Agent roster and responsibilities
- Planner/Orchestrator: defines workflow, queues, memory boundaries, and handoff sequencing.
- Implementer: writes the agent logic for consuming, processing, and producing messages on SQS.
- Researcher: gathers requirements, data contracts, and queue schemas.
- Domain Specialist: provides domain-approved rules for data structures, validation, and policy constraints.
- Reviewer: validates outputs, ensures alignment with requirements, and approves changes.
- Tester: validates integration, performance, and error handling.
Supervisor or orchestrator behavior
- The orchestrator maintains the end-to-end state, assigns tasks to agents based on a queue, and enforces context memory and source-of-truth.
- Enforce idempotency and deterministic outputs for repeated runs.
- Validate after each stage and trigger escalation on failure.
Handoff rules between agents
- Planner ➜ Implementer: hand off task definition, queue names, and data contracts.
- Implementer ➜ Reviewer: hand off results and validation artifacts.
- Reviewer ➜ Tester: hand off test results and acceptance criteria.
- Researcher/Domain Specialist can interject or refine requirements at any stage with approval from the Planner.
Context, memory, and source-of-truth rules
- All messages include a trace_id, task_id, and source of truth URL.
- Memory persists only within the current workflow run and is cleared on completion or rollback.
- Data contracts are versioned and stored in a central repository; agents validate against the latest contract before processing.
Tool access and permission rules
- Use AWS IAM roles with least privilege for SQS operations, secrets access, and logging.
- Secrets retrieved at runtime from a centralized vault; never hard-coded.
- Production datasets must be sanitized; access restricted by role and time window.
Architecture rules
- Use a single primary queue with a dead-letter queue for failed messages.
- Use short visibility timeouts with backoff for long-running tasks.
- Each agent specializes in one phase; orchestration enforces cross-agent handoffs.
File structure rules
- All workflow definitions, schemas, and policies live under infra/, agents/, and workflows/.
- No hard-coded credentials anywhere in the codebase.
Data, API, or integration rules when relevant
- Define data contracts; validate inputs/outputs against schemas.
- All API calls authenticated and logged; responses persisted for audit.
Validation rules
- Each step must emit a validation artifact (success/failure, reason, id).

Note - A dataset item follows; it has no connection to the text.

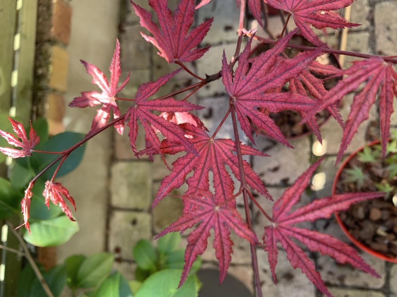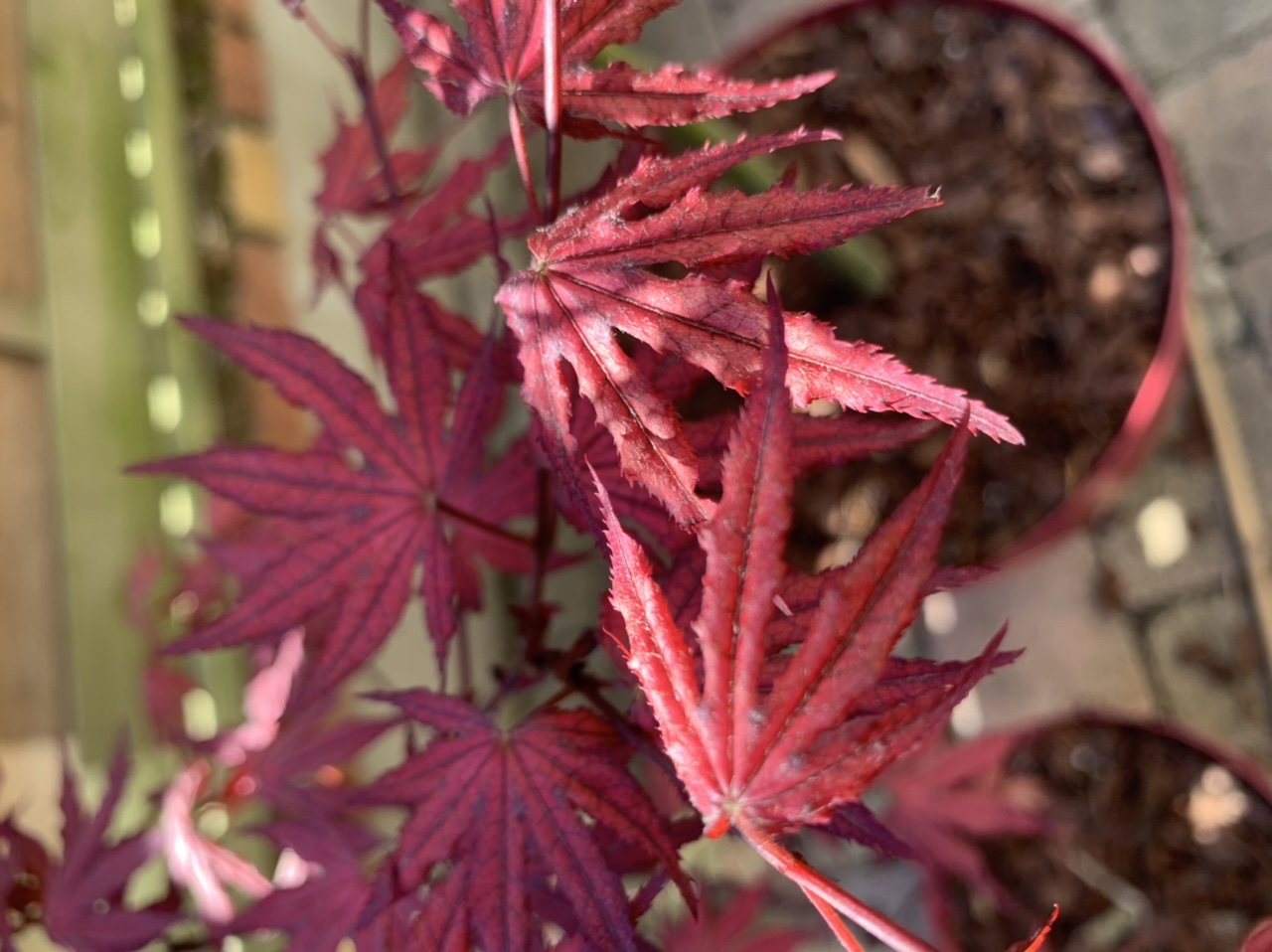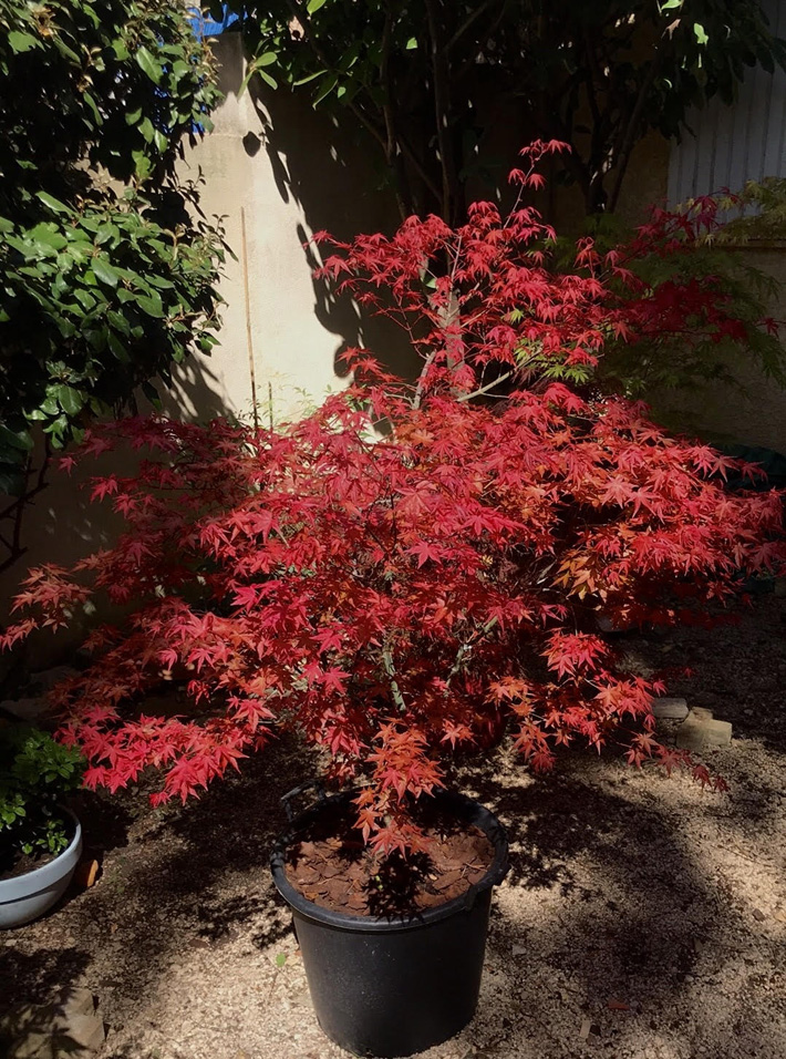 Skeeter et Sando sont les seuls à avoir leur feuilles complètement déployées mais ils sont sur la terrasse sous l'auvent de l'avancée de toit plein sud et à l'abri du Mistral. Ils sont avec les "bébés" érables

- Validate message payloads, queue attributes, and error conditions.
Security rules
- Enforce encryption at rest (KMS) and in transit; rotate keys regularly.
- Enforce least privilege and monitor IAM changes.
Testing rules
- Unit tests for each agent, integration tests for multi-agent flows, and simulated failure scenarios.
- End-to-end tests run in staging before production.
Deployment rules
- Roll out updates via canary or blue-green deployments; require approval gates for production changes.
- Update queue policies and roles in sync with code changes.
Human review and escalation rules
- Trigger human review for rule violations, anomalies, or data leaks.
- Maintain an escalation path with a dedicated on-call domain specialist.
Failure handling and rollback rules
- On error, re-queue with exponential backoff; after N retries, move to dead-letter and alert.
- Roll back to the last known-good state and notify stakeholders.
Things Agents must not do
- Do not bypass queue-based orchestration or run tasks without planner approval.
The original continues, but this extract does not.